[Source records]
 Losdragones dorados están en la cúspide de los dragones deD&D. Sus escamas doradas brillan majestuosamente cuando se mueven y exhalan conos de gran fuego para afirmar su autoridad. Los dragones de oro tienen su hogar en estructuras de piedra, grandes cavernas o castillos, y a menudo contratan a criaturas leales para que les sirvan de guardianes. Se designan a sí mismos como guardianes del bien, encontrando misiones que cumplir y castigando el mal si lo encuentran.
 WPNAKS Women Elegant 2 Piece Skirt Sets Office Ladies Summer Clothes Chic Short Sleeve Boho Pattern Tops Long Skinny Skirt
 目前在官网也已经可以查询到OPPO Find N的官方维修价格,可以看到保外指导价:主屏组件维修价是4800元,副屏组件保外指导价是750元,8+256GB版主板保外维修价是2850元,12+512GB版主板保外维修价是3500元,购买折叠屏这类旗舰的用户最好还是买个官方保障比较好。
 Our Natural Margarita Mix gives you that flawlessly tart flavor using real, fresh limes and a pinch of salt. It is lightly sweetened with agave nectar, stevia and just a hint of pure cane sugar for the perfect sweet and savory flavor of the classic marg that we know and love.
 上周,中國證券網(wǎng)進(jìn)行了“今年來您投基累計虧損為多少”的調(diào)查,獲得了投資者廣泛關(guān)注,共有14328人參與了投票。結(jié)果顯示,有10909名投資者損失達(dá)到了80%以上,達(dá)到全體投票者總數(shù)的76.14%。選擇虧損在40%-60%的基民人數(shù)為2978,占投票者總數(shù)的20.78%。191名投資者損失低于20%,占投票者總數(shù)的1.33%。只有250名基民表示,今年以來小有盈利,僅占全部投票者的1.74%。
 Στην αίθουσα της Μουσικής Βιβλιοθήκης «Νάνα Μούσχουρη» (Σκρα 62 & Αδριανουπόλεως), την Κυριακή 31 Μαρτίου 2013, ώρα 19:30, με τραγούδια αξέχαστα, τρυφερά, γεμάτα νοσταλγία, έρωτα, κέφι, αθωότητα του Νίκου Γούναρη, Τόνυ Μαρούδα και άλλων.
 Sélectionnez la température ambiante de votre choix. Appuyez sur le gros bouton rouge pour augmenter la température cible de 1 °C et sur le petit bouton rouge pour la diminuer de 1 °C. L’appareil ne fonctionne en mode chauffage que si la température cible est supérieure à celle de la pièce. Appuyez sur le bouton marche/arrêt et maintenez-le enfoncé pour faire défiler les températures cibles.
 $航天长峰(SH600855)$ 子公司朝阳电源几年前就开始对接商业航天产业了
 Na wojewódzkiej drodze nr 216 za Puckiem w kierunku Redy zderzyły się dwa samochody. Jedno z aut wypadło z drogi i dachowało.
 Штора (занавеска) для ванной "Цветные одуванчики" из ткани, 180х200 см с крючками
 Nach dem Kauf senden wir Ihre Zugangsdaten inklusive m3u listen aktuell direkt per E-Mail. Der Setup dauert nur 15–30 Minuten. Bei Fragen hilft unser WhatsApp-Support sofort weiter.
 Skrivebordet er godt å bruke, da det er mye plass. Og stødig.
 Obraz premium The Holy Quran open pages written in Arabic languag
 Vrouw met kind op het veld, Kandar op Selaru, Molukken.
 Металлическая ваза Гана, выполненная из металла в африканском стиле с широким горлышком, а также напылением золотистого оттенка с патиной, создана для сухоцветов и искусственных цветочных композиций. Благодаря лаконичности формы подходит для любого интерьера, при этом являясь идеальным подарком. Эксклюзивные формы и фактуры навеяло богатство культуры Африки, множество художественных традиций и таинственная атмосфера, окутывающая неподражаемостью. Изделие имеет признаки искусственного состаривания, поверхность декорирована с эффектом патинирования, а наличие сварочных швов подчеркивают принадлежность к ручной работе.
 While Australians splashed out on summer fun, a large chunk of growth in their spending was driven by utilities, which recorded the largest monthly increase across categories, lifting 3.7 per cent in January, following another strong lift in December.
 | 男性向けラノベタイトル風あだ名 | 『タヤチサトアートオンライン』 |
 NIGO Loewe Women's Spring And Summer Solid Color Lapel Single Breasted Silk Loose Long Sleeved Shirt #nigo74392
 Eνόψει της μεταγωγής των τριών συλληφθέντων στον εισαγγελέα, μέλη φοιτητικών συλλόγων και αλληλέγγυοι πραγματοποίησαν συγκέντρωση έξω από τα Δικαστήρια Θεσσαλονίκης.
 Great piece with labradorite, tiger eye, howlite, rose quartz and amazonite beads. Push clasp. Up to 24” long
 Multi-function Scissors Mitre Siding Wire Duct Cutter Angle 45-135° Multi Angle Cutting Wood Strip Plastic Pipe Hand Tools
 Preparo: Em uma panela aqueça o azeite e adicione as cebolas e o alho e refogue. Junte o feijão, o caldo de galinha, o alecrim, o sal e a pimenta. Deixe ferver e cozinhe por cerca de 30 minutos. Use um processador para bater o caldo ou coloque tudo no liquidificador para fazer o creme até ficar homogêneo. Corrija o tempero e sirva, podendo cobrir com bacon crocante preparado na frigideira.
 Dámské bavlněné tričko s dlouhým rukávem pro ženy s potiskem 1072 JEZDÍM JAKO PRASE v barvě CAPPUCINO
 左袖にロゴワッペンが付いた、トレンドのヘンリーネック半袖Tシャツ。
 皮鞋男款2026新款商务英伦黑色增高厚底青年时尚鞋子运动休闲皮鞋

**ACTIVITY**
Word for word, output the records that appear above.

**OUTPUT BELOW**
 Losdragones dorados están en la cúspide de los dragones deD&D. Sus escamas doradas brillan majestuosamente cuando se mueven y exhalan conos de gran fuego para afirmar su autoridad. Los dragones de oro tienen su hogar en estructuras de piedra, grandes cavernas o castillos, y a menudo contratan a criaturas leales para que les sirvan de guardianes. Se designan a sí mismos como guardianes del bien, encontrando misiones que cumplir y castigando el mal si lo encuentran.
 WPNAKS Women Elegant 2 Piece Skirt Sets Office Ladies Summer Clothes Chic Short Sleeve Boho Pattern Tops Long Skinny Skirt
 目前在官网也已经可以查询到OPPO Find N的官方维修价格,可以看到保外指导价:主屏组件维修价是4800元,副屏组件保外指导价是750元,8+256GB版主板保外维修价是2850元,12+512GB版主板保外维修价是3500元,购买折叠屏这类旗舰的用户最好还是买个官方保障比较好。
 Our Natural Margarita Mix gives you that flawlessly tart flavor using real, fresh limes and a pinch of salt. It is lightly sweetened with agave nectar, stevia and just a hint of pure cane sugar for the perfect sweet and savory flavor of the classic marg that we know and love.
 上周,中國證券網(wǎng)進(jìn)行了“今年來您投基累計虧損為多少”的調(diào)查,獲得了投資者廣泛關(guān)注,共有14328人參與了投票。結(jié)果顯示,有10909名投資者損失達(dá)到了80%以上,達(dá)到全體投票者總數(shù)的76.14%。選擇虧損在40%-60%的基民人數(shù)為2978,占投票者總數(shù)的20.78%。191名投資者損失低于20%,占投票者總數(shù)的1.33%。只有250名基民表示,今年以來小有盈利,僅占全部投票者的1.74%。
 Στην αίθουσα της Μουσικής Βιβλιοθήκης «Νάνα Μούσχουρη» (Σκρα 62 & Αδριανουπόλεως), την Κυριακή 31 Μαρτίου 2013, ώρα 19:30, με τραγούδια αξέχαστα, τρυφερά, γεμάτα νοσταλγία, έρωτα, κέφι, αθωότητα του Νίκου Γούναρη, Τόνυ Μαρούδα και άλλων.
 Sélectionnez la température ambiante de votre choix. Appuyez sur le gros bouton rouge pour augmenter la température cible de 1 °C et sur le petit bouton rouge pour la diminuer de 1 °C. L’appareil ne fonctionne en mode chauffage que si la température cible est supérieure à celle de la pièce. Appuyez sur le bouton marche/arrêt et maintenez-le enfoncé pour faire défiler les températures cibles.
 $航天长峰(SH600855)$ 子公司朝阳电源几年前就开始对接商业航天产业了
 Na wojewódzkiej drodze nr 216 za Puckiem w kierunku Redy zderzyły się dwa samochody. Jedno z aut wypadło z drogi i dachowało.
 Штора (занавеска) для ванной "Цветные одуванчики" из ткани, 180х200 см с крючками
 Nach dem Kauf senden wir Ihre Zugangsdaten inklusive m3u listen aktuell direkt per E-Mail. Der Setup dauert nur 15–30 Minuten. Bei Fragen hilft unser WhatsApp-Support sofort weiter.
 Skrivebordet er godt å bruke, da det er mye plass. Og stødig.
 Obraz premium The Holy Quran open pages written in Arabic languag
 Vrouw met kind op het veld, Kandar op Selaru, Molukken.
 Металлическая ваза Гана, выполненная из металла в африканском стиле с широким горлышком, а также напылением золотистого оттенка с патиной, создана для сухоцветов и искусственных цветочных композиций. Благодаря лаконичности формы подходит для любого интерьера, при этом являясь идеальным подарком. Эксклюзивные формы и фактуры навеяло богатство культуры Африки, множество художественных традиций и таинственная атмосфера, окутывающая неподражаемостью. Изделие имеет признаки искусственного состаривания, поверхность декорирована с эффектом патинирования, а наличие сварочных швов подчеркивают принадлежность к ручной работе.
 While Australians splashed out on summer fun, a large chunk of growth in their spending was driven by utilities, which recorded the largest monthly increase across categories, lifting 3.7 per cent in January, following another strong lift in December.
 | 男性向けラノベタイトル風あだ名 | 『タヤチサトアートオンライン』 |
 NIGO Loewe Women's Spring And Summer Solid Color Lapel Single Breasted Silk Loose Long Sleeved Shirt #nigo74392
 Eνόψει της μεταγωγής των τριών συλληφθέντων στον εισαγγελέα, μέλη φοιτητικών συλλόγων και αλληλέγγυοι πραγματοποίησαν συγκέντρωση έξω από τα Δικαστήρια Θεσσαλονίκης.
 Great piece with labradorite, tiger eye, howlite, rose quartz and amazonite beads. Push clasp. Up to 24” long
 Multi-function Scissors Mitre Siding Wire Duct Cutter Angle 45-135° Multi Angle Cutting Wood Strip Plastic Pipe Hand Tools
 Preparo: Em uma panela aqueça o azeite e adicione as cebolas e o alho e refogue. Junte o feijão, o caldo de galinha, o alecrim, o sal e a pimenta. Deixe ferver e cozinhe por cerca de 30 minutos. Use um processador para bater o caldo ou coloque tudo no liquidificador para fazer o creme até ficar homogêneo. Corrija o tempero e sirva, podendo cobrir com bacon crocante preparado na frigideira.
 Dámské bavlněné tričko s dlouhým rukávem pro ženy s potiskem 1072 JEZDÍM JAKO PRASE v barvě CAPPUCINO
 左袖にロゴワッペンが付いた、トレンドのヘンリーネック半袖Tシャツ。
 皮鞋男款2026新款商务英伦黑色增高厚底青年时尚鞋子运动休闲皮鞋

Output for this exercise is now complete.